The fact that these distinctions manifest themselves along the colour line suggests that Du Bois was both insightful and prophetic. As we peek through the next century, it would appear that we are no closer to resolving the problem of the colour line.

The theme and the necessity of this function speak to the challenges that we face as black people and black women in particular. Discrimination against black women is multi-pronged, multi-sectoral and transgenerational. Black women are discriminated by the white supremacy; they have to contend with male prejudice fed by patriarchal notions, they suffer abuse from white women who are also beneficiaries of white supremacy. At the same time, they are expected to form alliances with these women to defeat male privilege. They are expected to be in solidarity with their male folks to fight racial oppression. In this regard they have little choice. They cannot sit on the sideline and watch the black male being reduced to an endangered species. After all, these men are the fathers of their children, the lovers, and their sons. In short, there is no other species that understand oppression as black women do.

We need to remind ourselves of these challenges even as we celebrate our achievements of survival. Malcom X put it eloquently; that we will survive America. We survived apartheid and are now faced with a challenge of defeating global apartheid and global gender discrimination. In approaching this task, we shall draw lessons from past struggles. Our successes should not lull us to complacency. The forces of evil continue to refine their strategies to fight back. We need to constantly remind ourselves that our oppression has economic and material interests. Our oppressors spend sleepless nights trying to reclaim the lost territories. We cannot defeat the specter of racial discrimination without a clear-eyed analysis of what constitute racism. We need to debunk those analyses that are unhelpful to our cause. Our understanding of the drivers of racial oppression should empower us to address other forms of discriminations – gender, class, religion and sexual orientation.

Let us briefly reflect on racism. Many analyses of racism proceed from an assumption that the eradication of racism and other forms of discrimination is in the interests of all. Yet despite a universal condemnation of discrimination, racism persists. Even the most successful persons of colour are haunted by the plight of less fortunate brethren caught in a cycle of dehumanizing deprivation.

A new approach is needed: one that locates racism within the broader context of social and economic exploitation. This approach links racism with power and the politics of self-interest. It explores the connection between white privilege and black oppression by arguing that oppression is necessary to sustain privilege.

We need to link the privilege of whiteness with racism. This provides a lens through which we can understand the persistence of racism in society.
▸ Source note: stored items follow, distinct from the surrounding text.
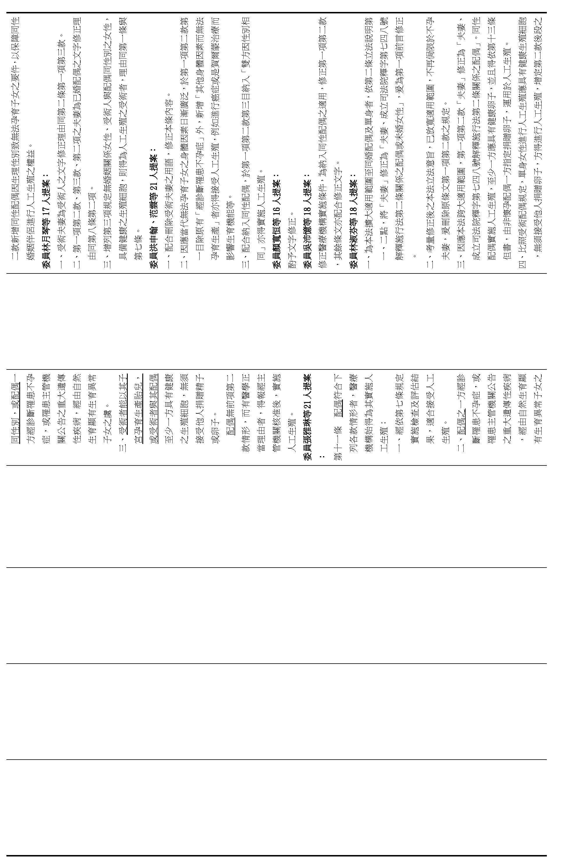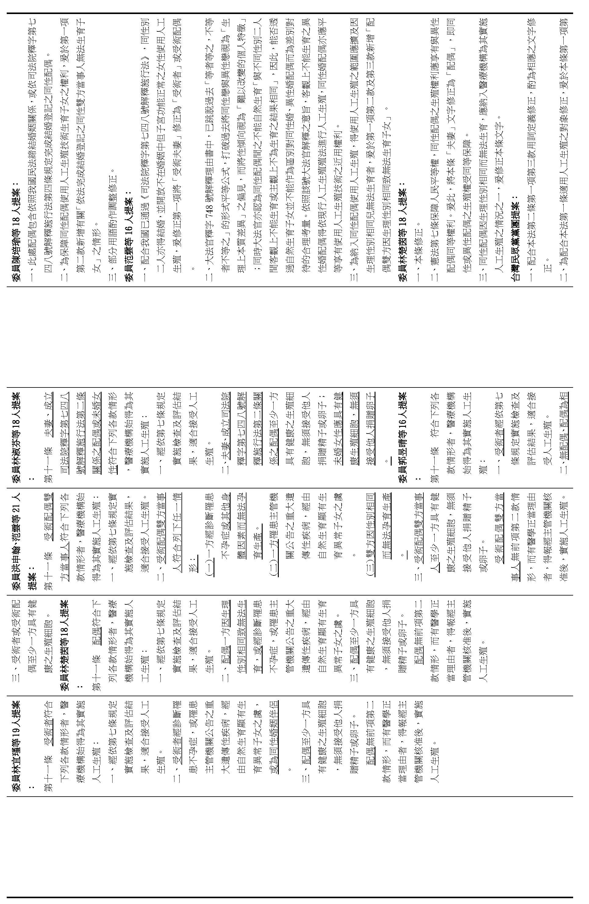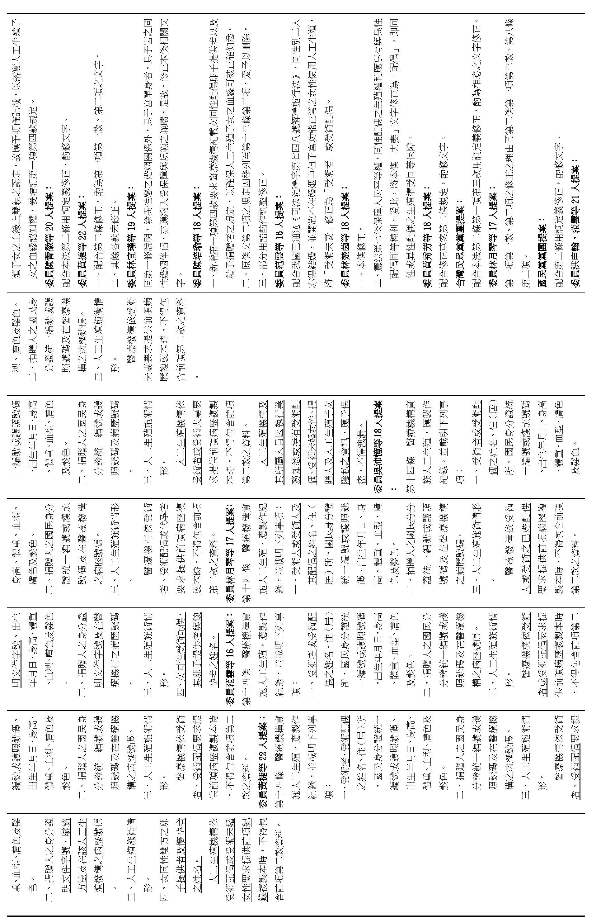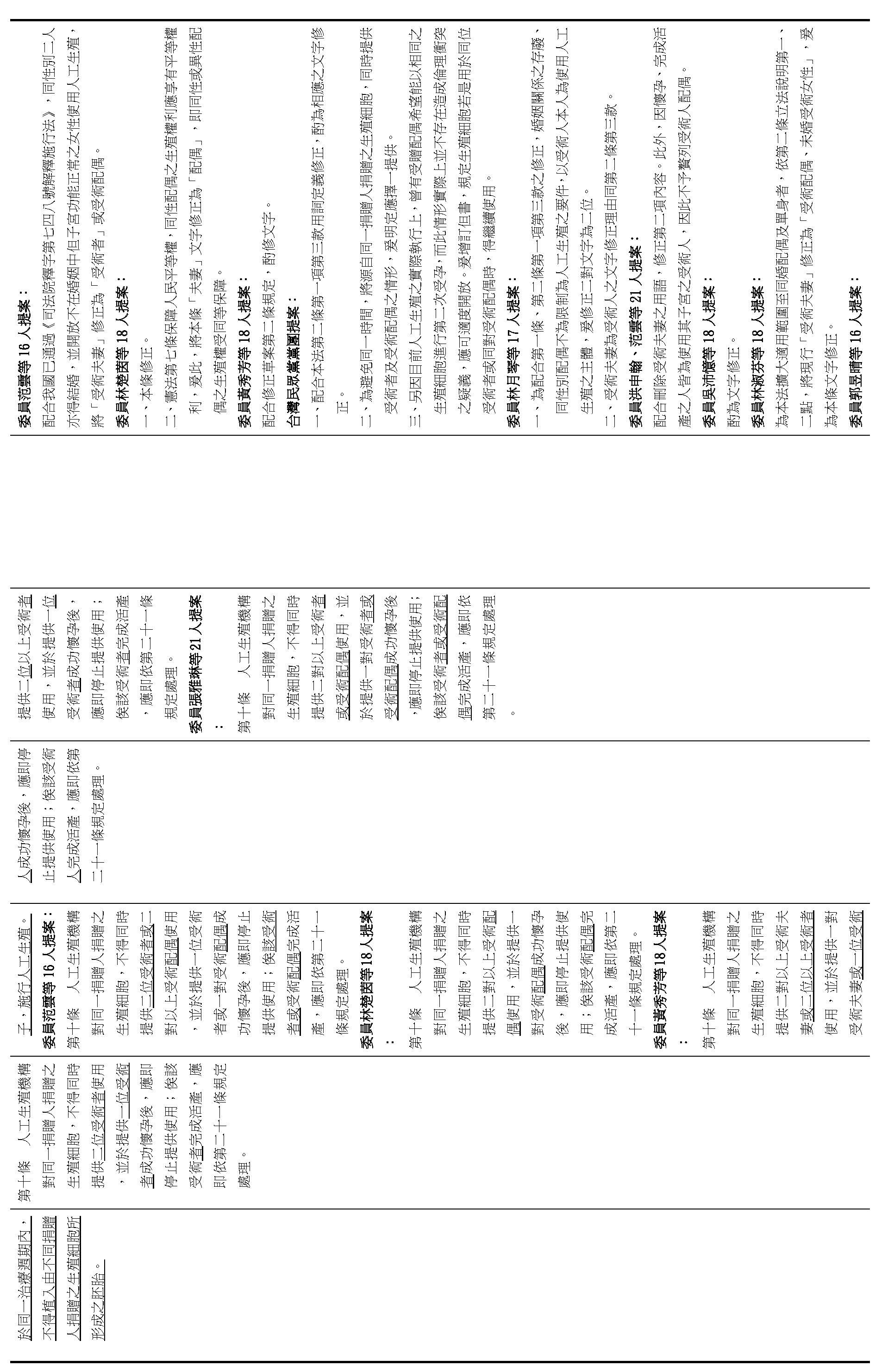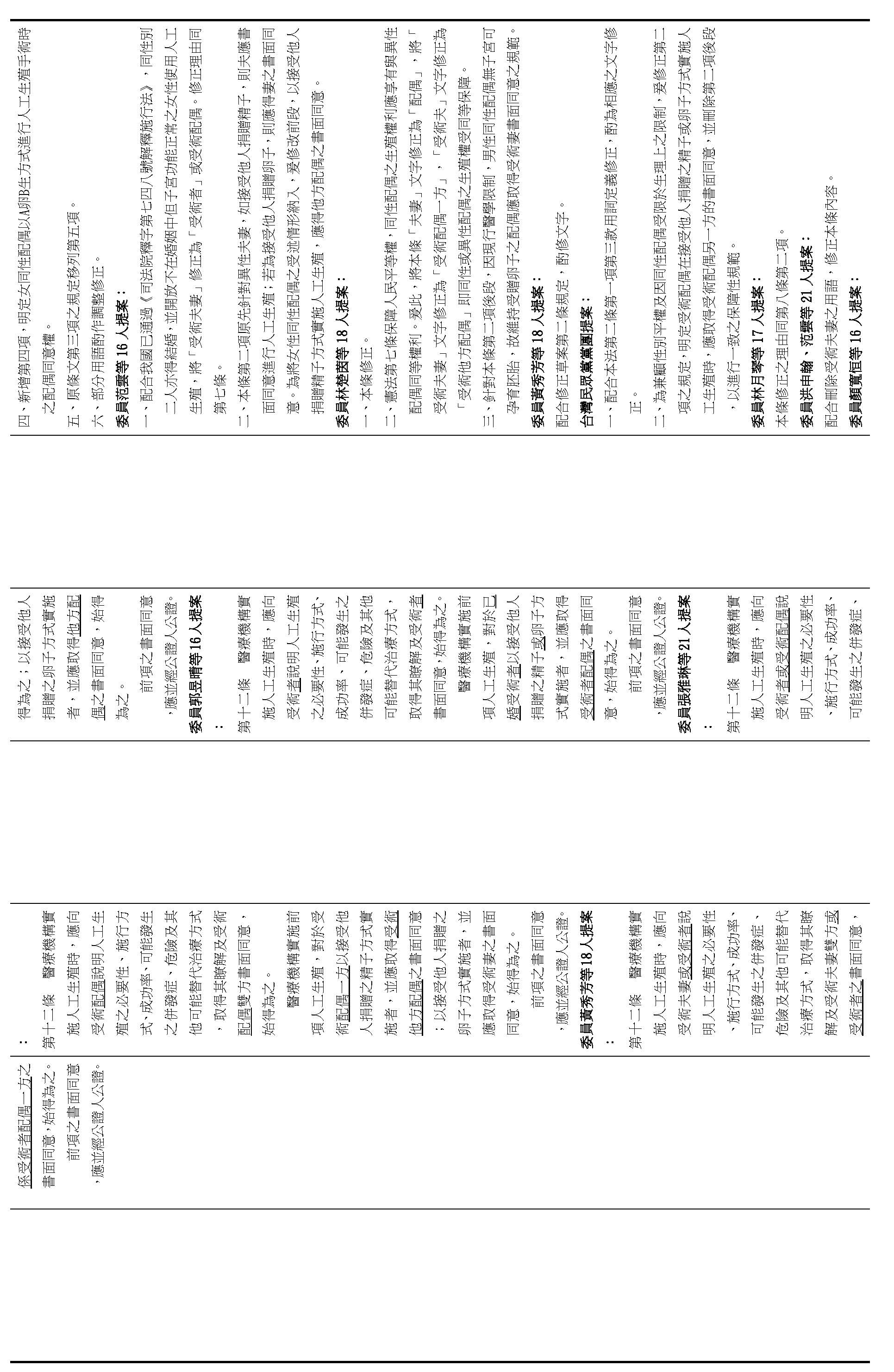 主席:好,謝謝。跟身權法差不多,審九條通過三條,今天審人工生殖法三條,通過一條。
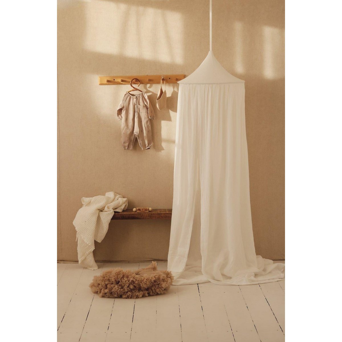 Comfortabel, casual, relaxed. Uitputtende expedities en missies kunnen niet eeuwig duren. Voor rustiger spelen en ontspannen is een klein, gezellig hoekje nodig. Ook het vertellen van verhalen heeft focus en rust nodig. Gebruik hem als interieurdecoratie, als overkapping, draagbaar of permanent de overkapping werkt in veel situaties, ook voor het ophangen van slingers of speelgoed, of zelfs als klamboe op uw terras! Boho is een artistieke bohemien stijl, geleid door comfort, zomer en vrijheid. Je vindt hier en daar wat etnische verwijzingen, een aantal bloemen waar mogelijk, en natuurlijkheid – een knipoog naar Moeder Natuur. Combineer de overkapping met kussens, matten en slingers! Eenvoudig en natuurlijk van vorm, deze luifel is robuust, gemaakt van crèmekleurige katoenen stof. Dankzij de handige bandjes is hij gemakkelijk af te doen en te wassen. Er zitten ook katoenen riemen aan de binnenkant van de overkapping waarmee je een extra ornament of lamp kunt ophangen. Katoenen stof, rand. Stof: 100% OEKO-TEX® katoen. Wastemperatuur: tot 30°C. Diameter rand: 50 cm. Lengte luifel: 240 cm plus riemen. EAN: 5906508781166
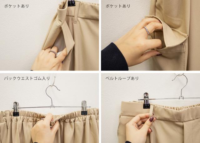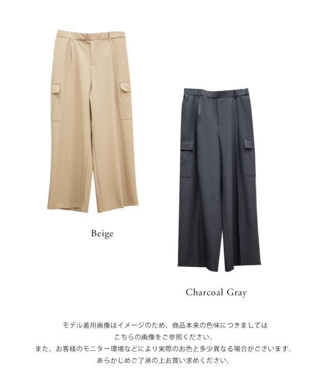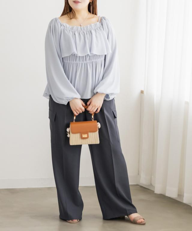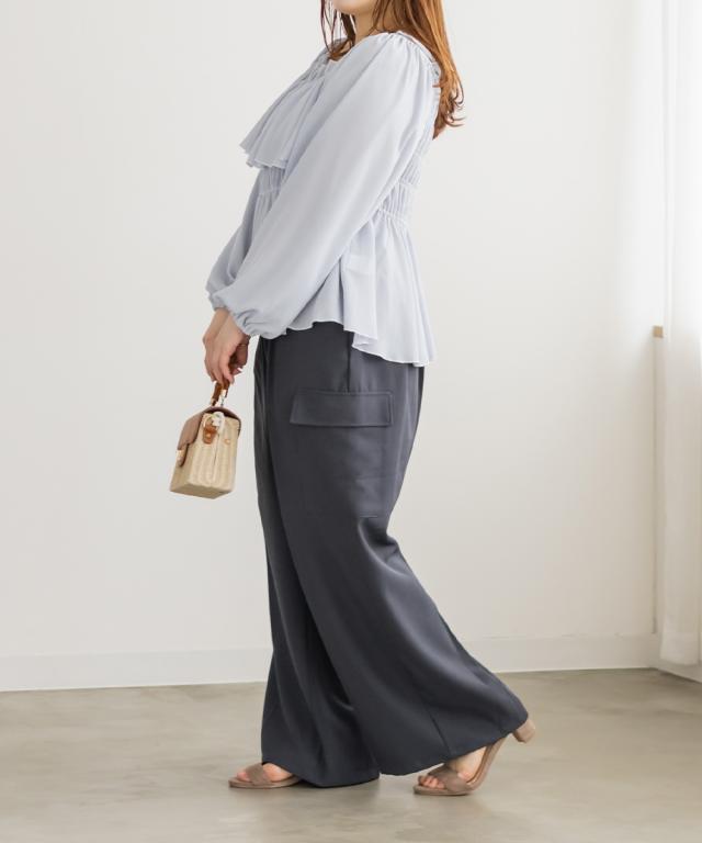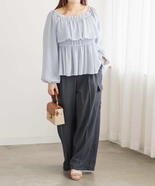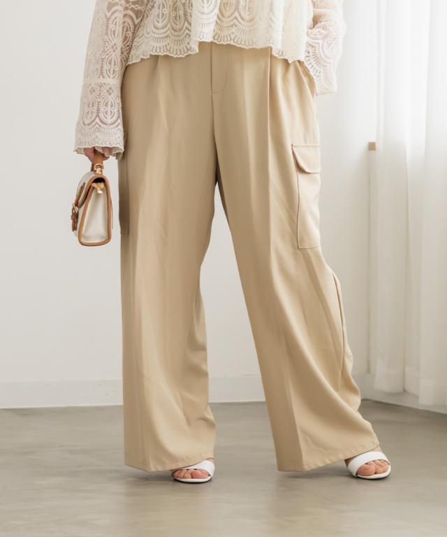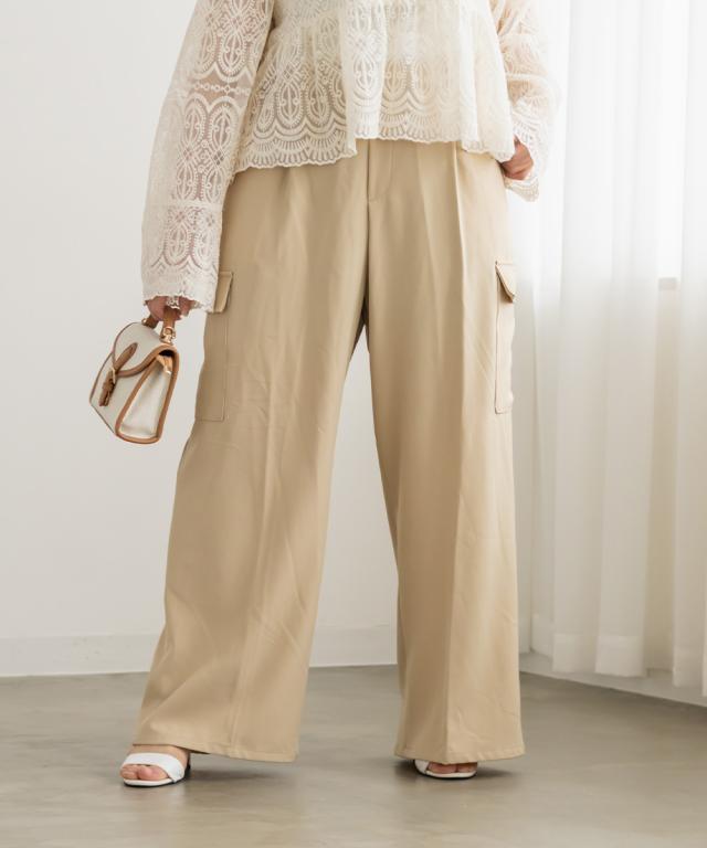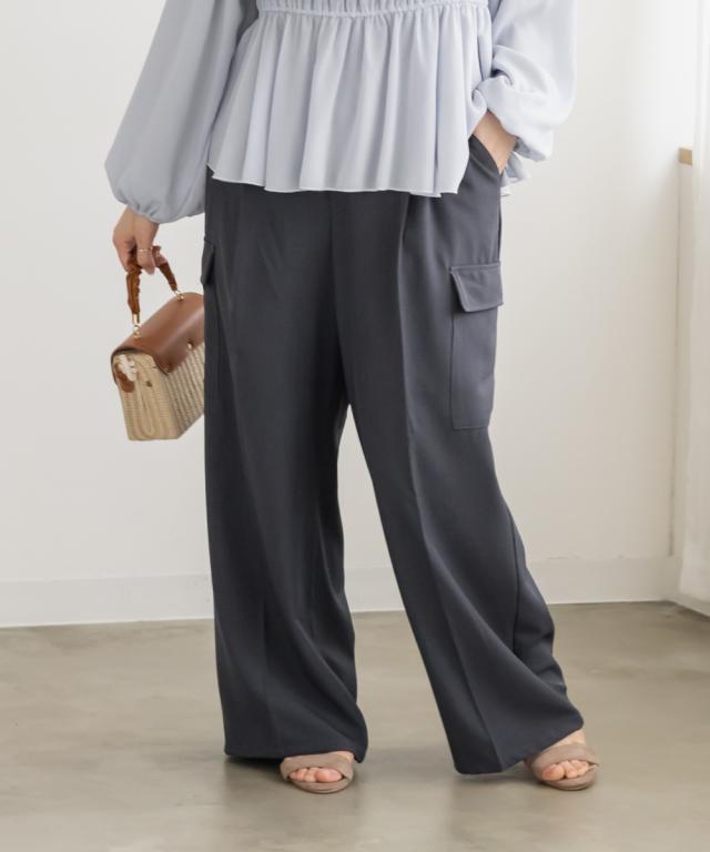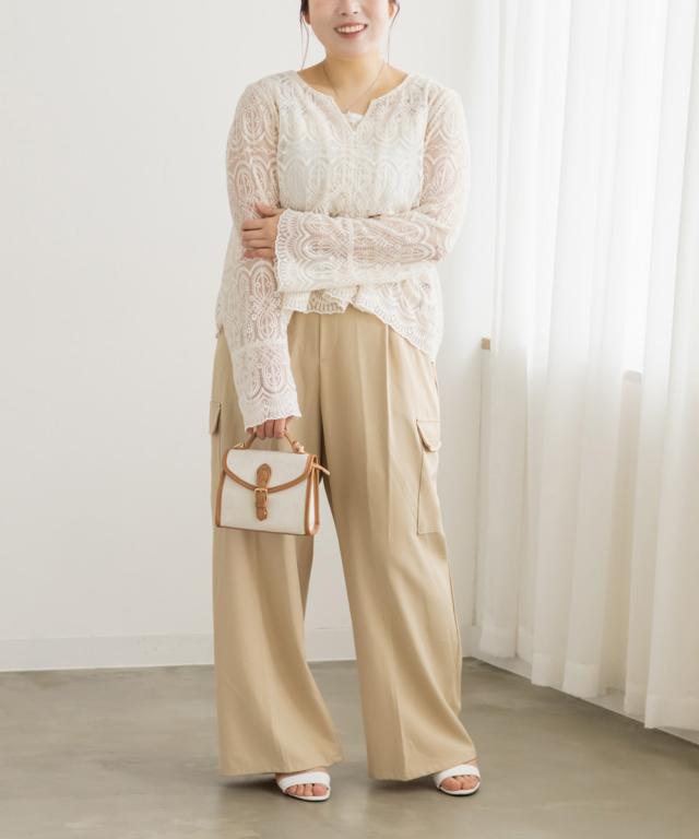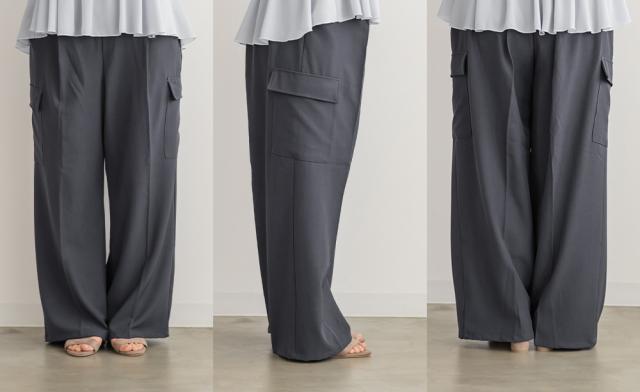 | 3Lサイズを着用しました。ウエストは程よくフィットし、全体的にちょうどいい着心地でした。ワイドシルエットで脚のラインを拾いにくく、リラックス感がありながらもきれいめに見えるのが嬉しいポイント♪ タック入りなのでお腹まわりもすっきりとした印象に仕上がります。 カーゴデザインのポケットがアクセントになり、シンプルなトップスと合わせるだけでこなれ感のあるスタイルに◎ ブラウス合わせで大人カジュアルに、コンパクトトップスと合わせてバランス良く着こなすのもおすすめです。程よいトレンド感がありつつ、着回し力の高いパンツだと思いました。 |
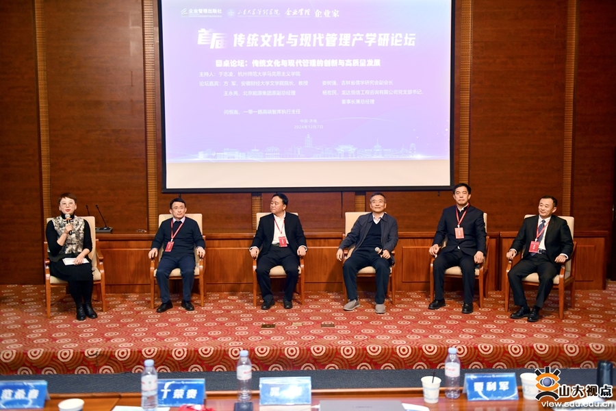 在圆桌论坛环节,安徽财经大学文学院院长、教授方军,吉林省儒学研究会副会长娄树强,北京能源集团原副总经理王永亮,龙达恒信工程咨询有限公司党支部书记、董事长兼总经理杨宏民,“一带一路”高端智库执行主任闫恒胤等嘉宾围绕“传统文化与现代管理的创新与高质量发展”这一主题展开交流。杭州师范大学马克思主义学院讲师于志凌主持本环节。
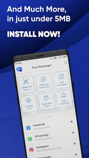 Fast Messenger App helps you to quickly connect with your family and friends. It's a very small messenger as it takes less than 5 MB of your phone data. Access your social media accounts like Facebook, Instagram, Snapchat etc. without the app.
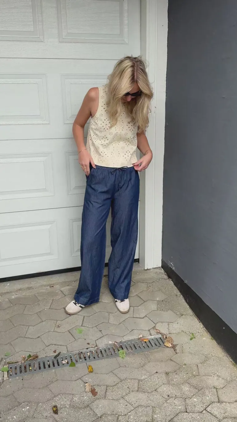 Bukserne kan styles på mange forskellige måder – f.eks. med matchende denim overdel fra INA Copenhagen.
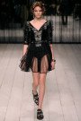 Here was another transporting and hyper-feminine collection from Sarah Burton for Alexander McQueen. Dreamy gauzy dresses in knits as fine as cobwebs; tuberose flowers hand-painted on leather coats and corsets, and feathered skirts made of ostrich plumes that had been lacquered to give them a brooding aspect. The designer decorated her clothes and accessories with talismans and surreal symbols, including pocket watches, butterflies, horseshoes, lips and eyes.

A different lens can make the same point: conditions of male privilege are dependent on the oppression of women. Both concede the existence of unearned privilege.

Victims of the abuse of power perceive power as inherently evil and therefore view the pursuit, possession and application of power on their own behalf as corrupting. A long history of subjugation has undermined their self-confidence. They do not see themselves capable of mounting a successful campaign against their oppressors. They see their salvation as inextricably linked to forming alliances with their oppressors and exploiters. This orientation toward power is a prescription for unending subordination. But without resolving and neutralizing the power differential, the oppressed will not be able to defeat discrimination.

The United States, supposedly a champion of human rights and democracy, is a case study of how the dynamics of power and self-interest sustain racism. Despite significant gains derived from the civil rights movement, enactment of anti-discrimination laws and judicial decisions, racial justice continues to elude millions of African-Americans.

The absence of visible signs of discrimination and the existence of legislative equality creates an impression of racial neutrality. However, statistics on poverty, unemployment and income show that the slow advances made during the 1960s and 1970s have been reversed. The unemployment rate for blacks is 2,5 times the rate for whites. Blacks are three times more likely than whites to have incomes below the poverty level.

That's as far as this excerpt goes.